Inline RAG pipeline doc list:

DOCS = [
    "Foundry Local provides an OpenAI-compatible local inference endpoint.",
    "Retrieval Augmented Generation (RAG) improves answer grounding by injecting relevant context passages.",
    "Edge AI reduces latency and preserves privacy by executing models locally.",
    "Small Language Models can achieve competitive quality with reduced resource usage.",
    "Vector similarity search retrieves semantically relevant documents for a query.",
]

Ragas evaluation truth tuples:

QUESTIONS = ["What advantage does local inference offer?", "How does RAG improve answer grounding?"]
GROUND_TRUTH = [
    "Local inference reduces latency and preserves privacy.",
    "RAG adds retrieved context snippets to improve factual grounding."
]

Scenario Narrative

The support engineering group wants a rapid prototype to answer internal FAQs without exposing customer data externally.

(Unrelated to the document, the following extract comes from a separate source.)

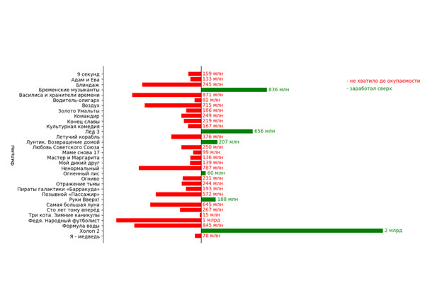 На другом полюсе оказалась картина «Федя. Народный футболист» — крупнейший провал года. Фильм не добрал до окупаемости более миллиарда рублей, став антирекордсменом по возврату вложений — доля государственного финансирования картины составила 125 млн рублей.

Session 2 artifacts progress from a minimal ephemeral RAG (no persistence) → structured CSV Q&A → document retrieval with citation → objective quality evaluation (ragas) → a migration strategy ready for Azure staging.

Expansion Paths

Use the Optional Enhancements table to evolve: swap TF‑IDF for FAISS/Chroma, enlarge the evaluation corpus (50–100 Q/A), add fallback escalation to a larger model when faithfulness < threshold.